В 1922 году Синельников предложил Дунаевскому написать музыку к спектаклю «Монна Ванна» по Морису Метерлинку. Это был его первый серьезный опыт композиторской деятельности. И уже тогда Дунаевский проявил себя как прекрасный пианист-импровизатор.
В мае 1924 года Дунаевский уезжает из Харькова в Москву и с головой погружается в музыкально-театральную жизнь. Ему приходится учиться заново, и в первую очередь следовать музыкальной моде. Нэп способствовал расцвету в Советском Союзе джаза, из которого в США родилась опера «Порги и Бесс» Джорджа Гершвина.
Дунаевский начинает работать заведующим музыкальной частью театра Эрмитаж, знакомится с богемой. Вскоре происходит его встреча с балериной Зинаидой Судейкиной, ставшей вскоре женой Дунаевского. Его биограф Д. Минченок пишет: «В легенде о встрече гения и музы всегда есть место потрясению, удивлению, которое потом цементом скрепляет двоих людей. К сожалению, дата встречи Исаака Дунаевского и Зинаиды Судейкиной точно не установлена. Начало их любви останется областью художественных догадок. Реконструировать ее можно на основе косвенных свидетельств и обмолвок. Для истории любви легенды подходят в силу своей достоверности. Это единственный случай, когда документальным фактом является преувеличение, ибо любовь без метафоры немыслима».

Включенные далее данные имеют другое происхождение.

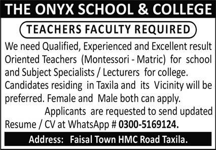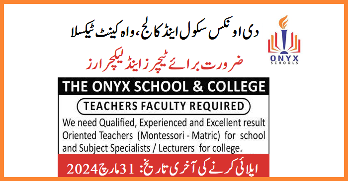The Onyx Schools Taxila (Teaching Staff Required)
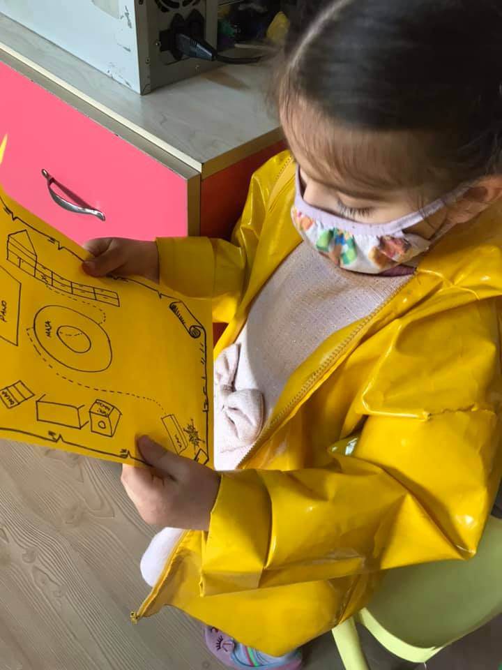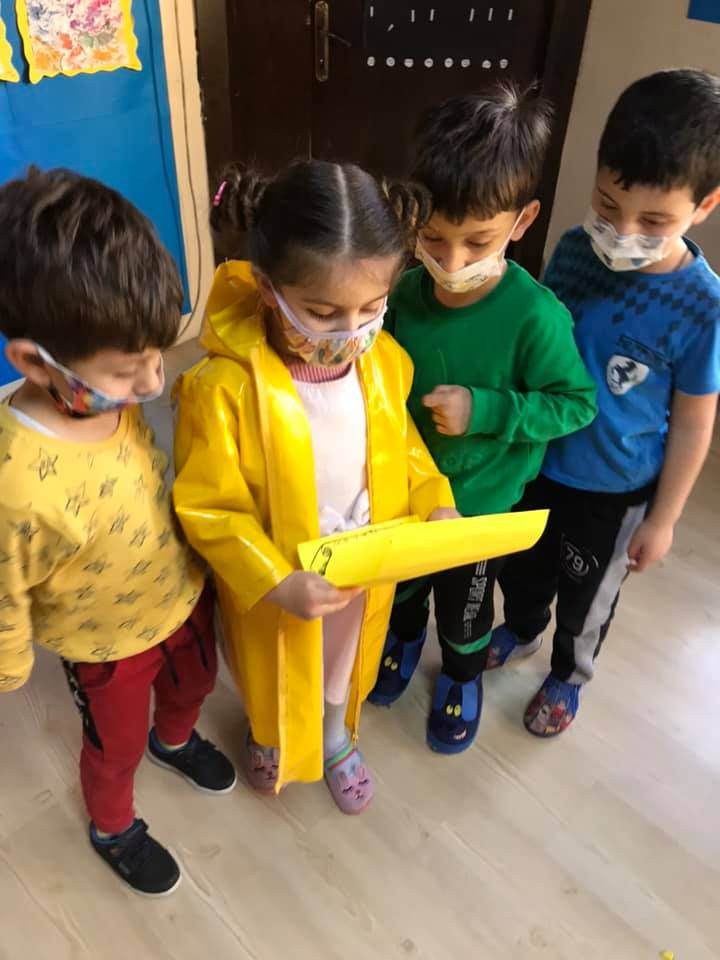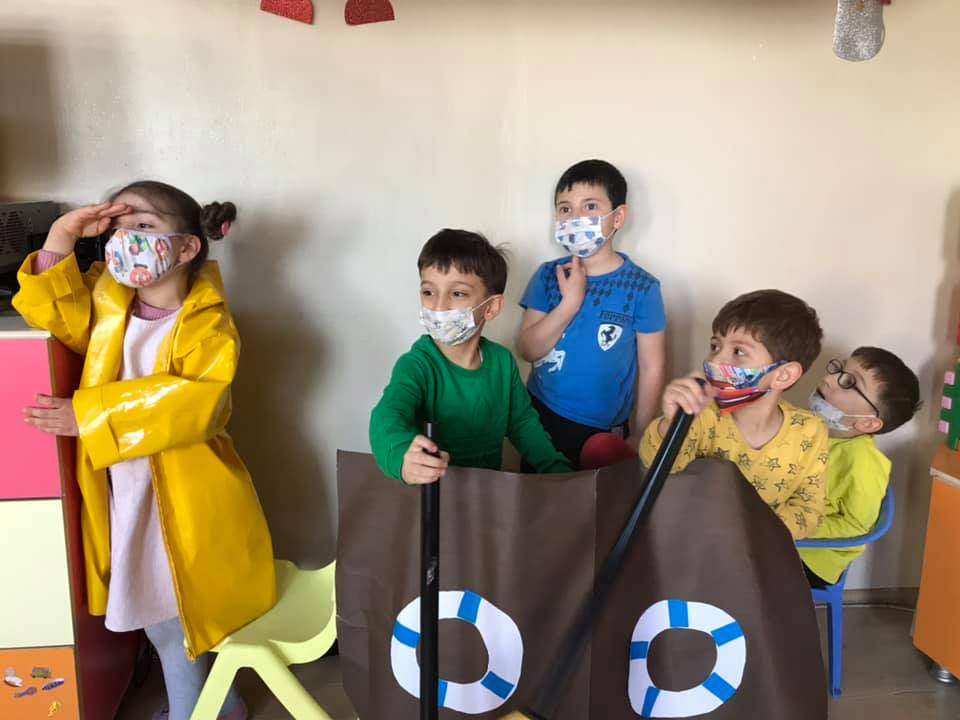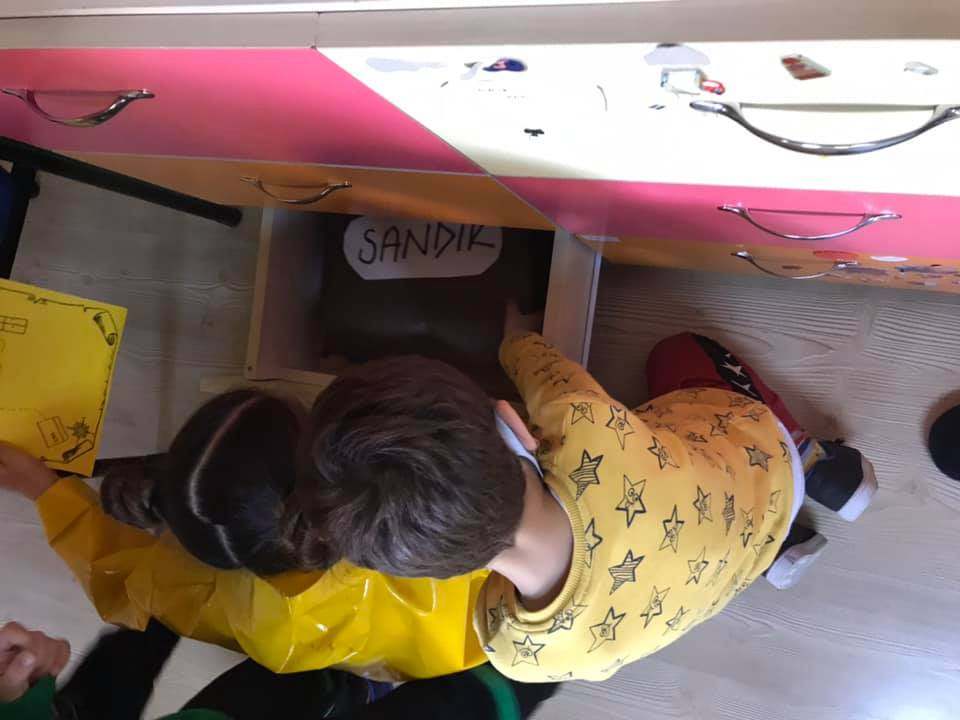 Kaptan ve Hazine avı draması yaparak mekanda konum bulma becerisi eğlenerek geliştirildi . Kaptan tayfalarını yönetip elindeki haritanın yönlendirmesiyle hazine sandığını bulmaya çalıştı. Her çocuğa kaptan rolü ve farklı bir harita verildi. ![]()
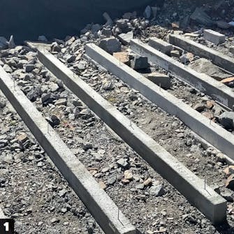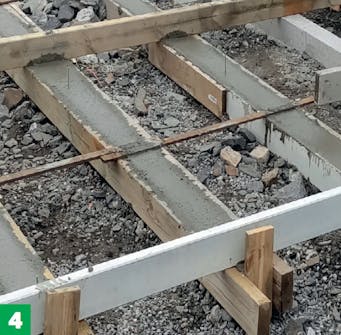 Det er en god idé at starte med at støbe den midterste og de to yderste remme/ fundamenter.

Зиночка Судейкина была красива, с породистым, выразительным лицом. Она профессионально занималась классическим танцем, до этого три года проработав в городе Ростове-на-Дону. В 1925 году Дунаевский и Судейкина поженились. «Бобочка», как стал ласкательно называть ее Дунаевский, всю жизнь будет другом и надежной опорой композитора.
Тогда Леонид Утесов впервые встретился с Дунаевским в Москве. Он потом вспоминал: «Несколько актеров решили составить комический хор. То ли это было нужно для очередного капустника, то ли для какого-то спектакля — не помню, но встречу у рояля с Дуней не забуду никогда. Я был ошеломлен той необыкновенной изобретательностью и юмором, с которыми Дунаевский «разделывал» разные песни, внося в них такие музыкальные обороты, которые кто другой вряд ли мог и придумать. Поразительно было видеть, как работал Дунаевский. Он мог сочинять музыку, не прикасаясь к роялю. Оркестровку же писал без партитуры и со стенографической скоростью, раскладывая листы бумаги на столе. Все было весело и необыкновенно музыкально. Улыбка играла на его лице. Пальцы скользили по клавиатуре. И мне казалось, что и пальцы тоже посмеиваются».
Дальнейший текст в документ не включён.